Доктор Шпрехер почитал для себя высокой честью присутствие Рогана. Еще бы! Наконец-то исполнилась долголетняя его мечта составить жизнеописание своего сиятельного гостя, черпая сведения из первоисточника. С присущей ему деликатностью и сердечной добротой герцог не погнушался ежедневно сообщать внимательному хозяину какой-нибудь эпизод своей прихотливой судьбы; говорил он по-итальянски, и на этом же языке ученый составлял очерк его жизни, который предназначался, по настоянию сиятельного гостя, в дар герцогине, все еще пребывавшей в Венеции, а также дочери Рогана, Маргарите, обрученной с герцогом Бернгардом Веймарским. Доктора не слишком радовал такой изысканный, но узкий круг читателей. Он предпочел бы, к вящему прославлению герцога и отнюдь не к посрамлению составителя, без ложной скромности незамедлительно увековечить свой старательный и отмённый труд, напечатав его и выпустив в свет.

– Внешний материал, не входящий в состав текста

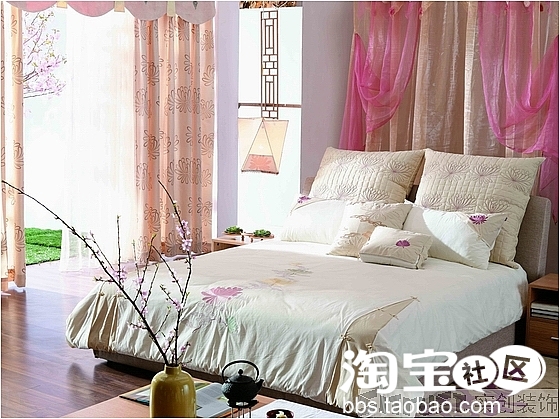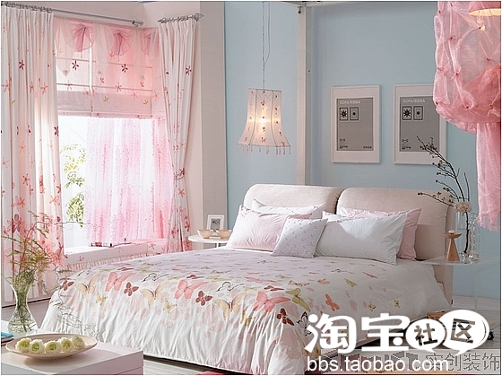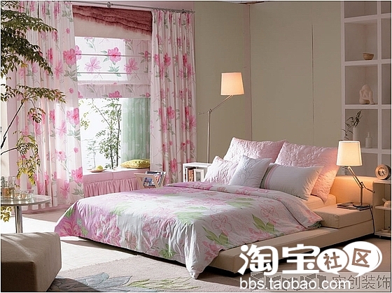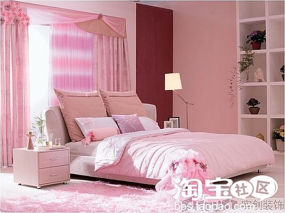 满室的粉嫩更倾向于新娘,却是新郎为爱的体贴,彰显了爱的奇妙;纱缦,如一张神秘的面纱,亦如新娘美丽的婚纱充满柔情,呵护爱的树苗茁壮成长。

Совсем по-иному проводил время адъютант герцога, неугомонный Вертмюллер. Он посещал как высшие, так и низшие слои местного общества. За короткий срок он стал известнейшей личностью во всем городке, от епископского дворца, где его недолюбливали за острый взгляд и злой язык, и игорного стола, где он, наоборот, всегда был желанным гостем, и вплоть до самых подозрительных, ютившихся по закоулкам кабачков, где его тоже радостно встречали в долгие зимние вечера, а нередко еще охотнее провожали. Своими колкостями и дерзкими политическими выпадами он умел так раззадорить тугодумов-граубюнденцев, что им случалось не в меру разоткровенничаться, в чем они потом горько каялись.

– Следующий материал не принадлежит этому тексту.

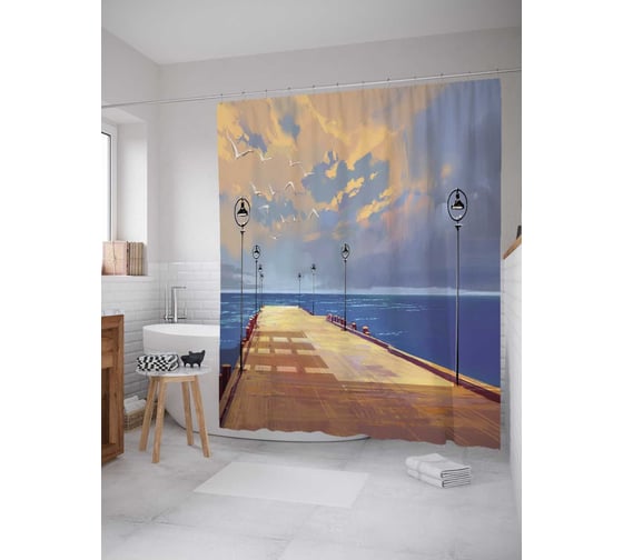 Штора (занавеска) для ванной JoyArty "Подышать морским воздухом" из сатена, 180х200 см с крючками, sc_23029

Для благодарных: слушателей, вдохновлявших его своей тупоумной доверчивостью, у него были в запасе тайные познания, которые не имели бы успеха в герцогских покоях и которыми он был обязан основательному изучению математики и физики. Он пускал в ход и карточные фокусы, и нехитрые чудеса, снискавшие ему в низших сферах его деятельности нешуточную репутацию чародея, что было ему на руку, однако весьма небезопасно в той среде, где недолог путь от испуганной головы до крепкого кулака.

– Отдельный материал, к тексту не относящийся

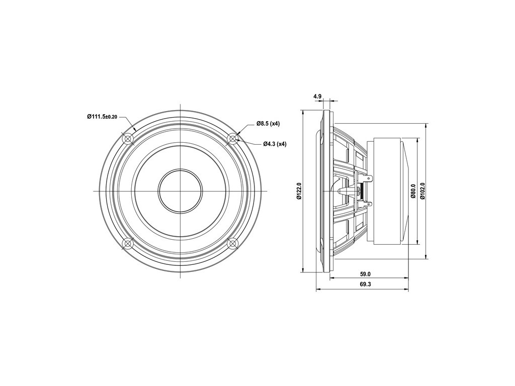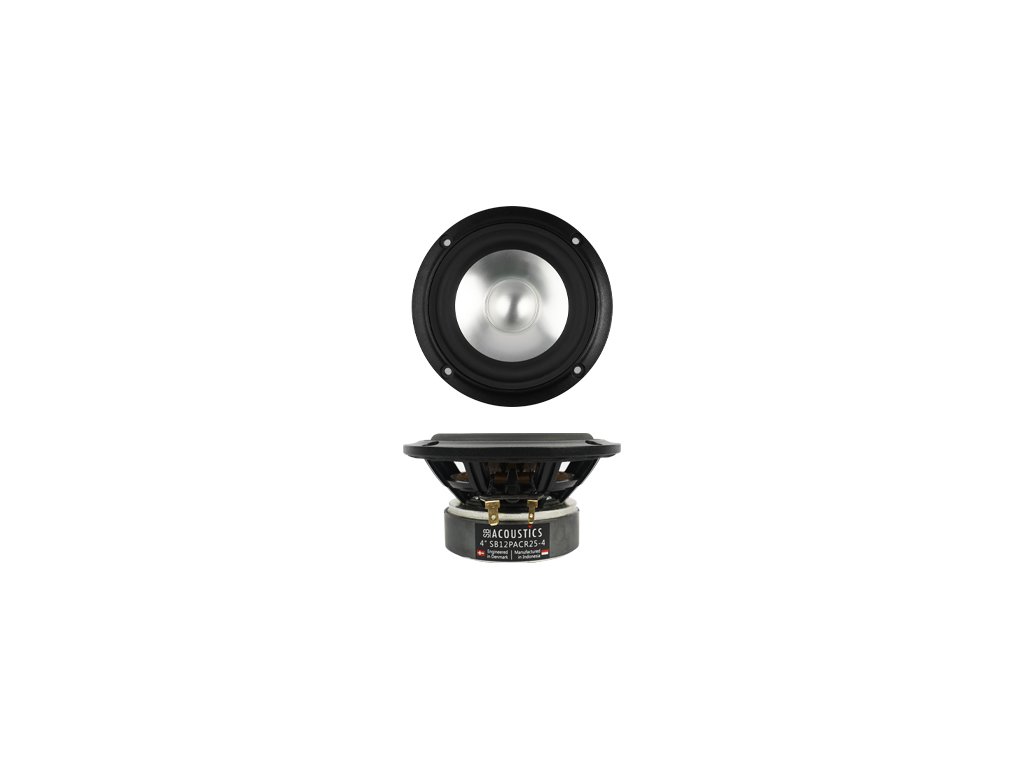 SB Acoustics SB12PACR25-4 je 4" stredobasový reproduktor s hliníkovou membránou, navrhnutý pre presnú reprodukciu stredného pásma v Hi-Fi aj viacpásmových reprosústavách.

Ночные засады и потасовки скорее раззадоривали хладнокровную отвагу лейтенанта, вместо того чтобы отпугнуть его от буйных забав. Впрочем, он умудрялся выходить сухим из воды без урона для своей военной чести, ибо к тому времени, как разгар страстей и работа кулаков достигали высшей точки, он уже на цыпочках крался в свою комнату по тихим покоям шпрехеровского дома мимо апартаментов герцога.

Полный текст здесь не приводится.